From the material below, copy exactly the lines beginning with the one that contains "Join us on Beanstack" and ending with the one that contains "Women and Men"; the pictures stay out.

• Data to use:
----------------------------------------

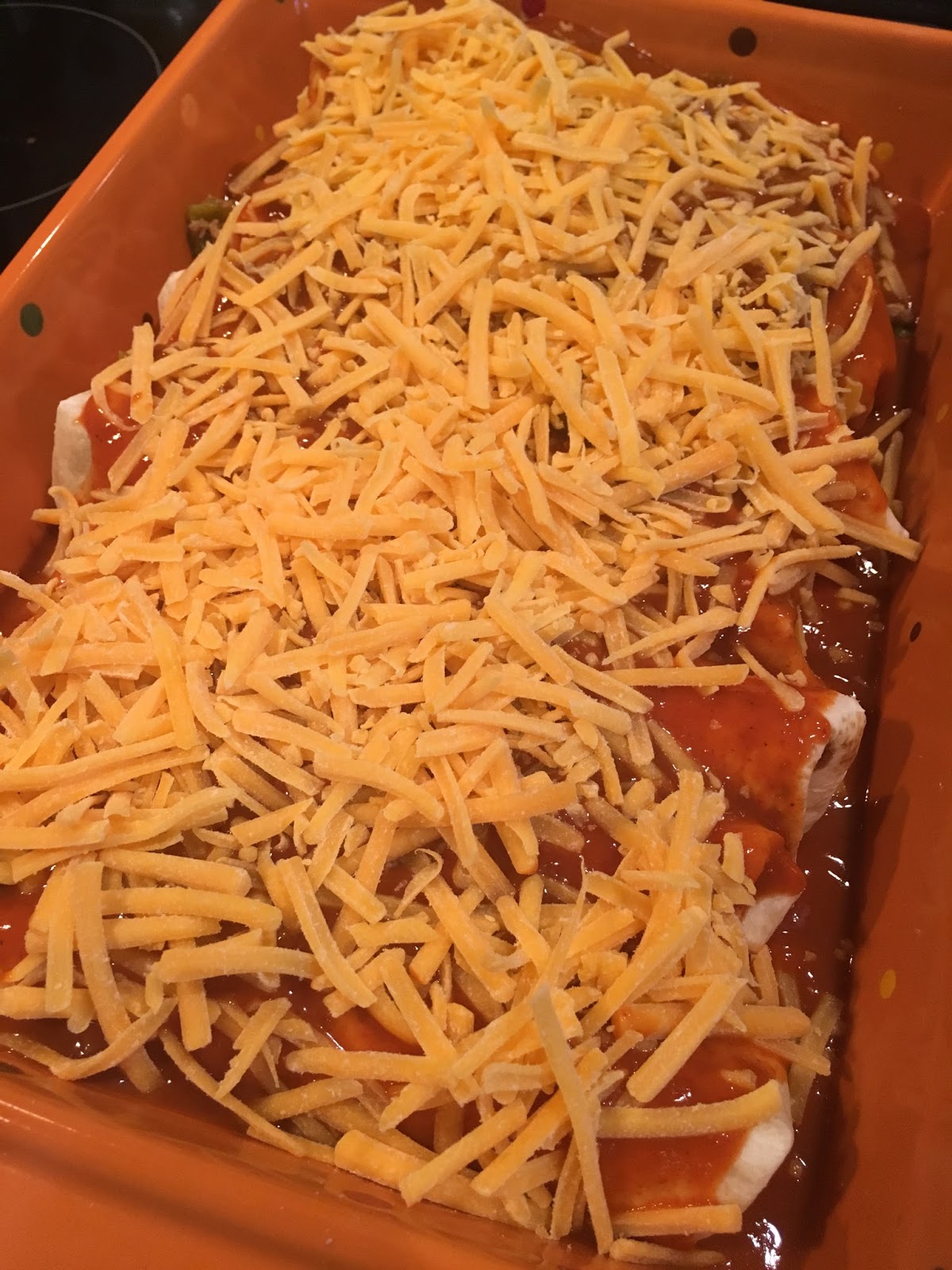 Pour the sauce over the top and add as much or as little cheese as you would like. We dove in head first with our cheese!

----------------------------------------

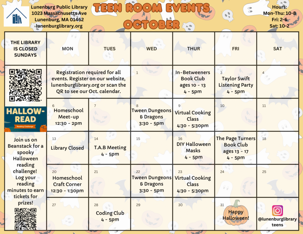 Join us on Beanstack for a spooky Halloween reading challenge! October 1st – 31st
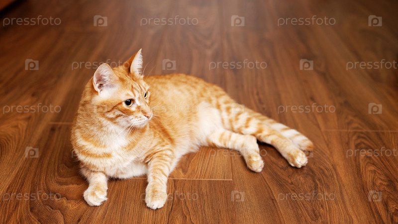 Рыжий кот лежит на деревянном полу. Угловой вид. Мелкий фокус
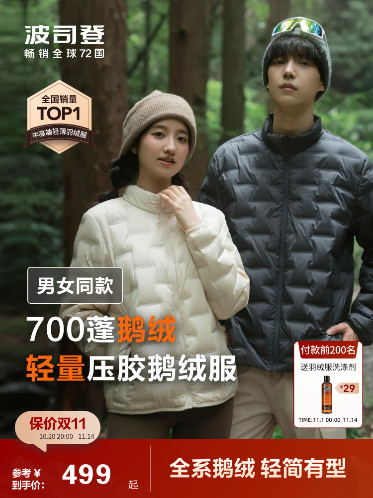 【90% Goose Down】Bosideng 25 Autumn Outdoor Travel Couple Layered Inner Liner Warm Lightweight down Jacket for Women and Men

----------------------------------------

• Task output:
 Join us on Beanstack for a spooky Halloween reading challenge! October 1st – 31st
 Рыжий кот лежит на деревянном полу. Угловой вид. Мелкий фокус
 【90% Goose Down】Bosideng 25 Autumn Outdoor Travel Couple Layered Inner Liner Warm Lightweight down Jacket for Women and Men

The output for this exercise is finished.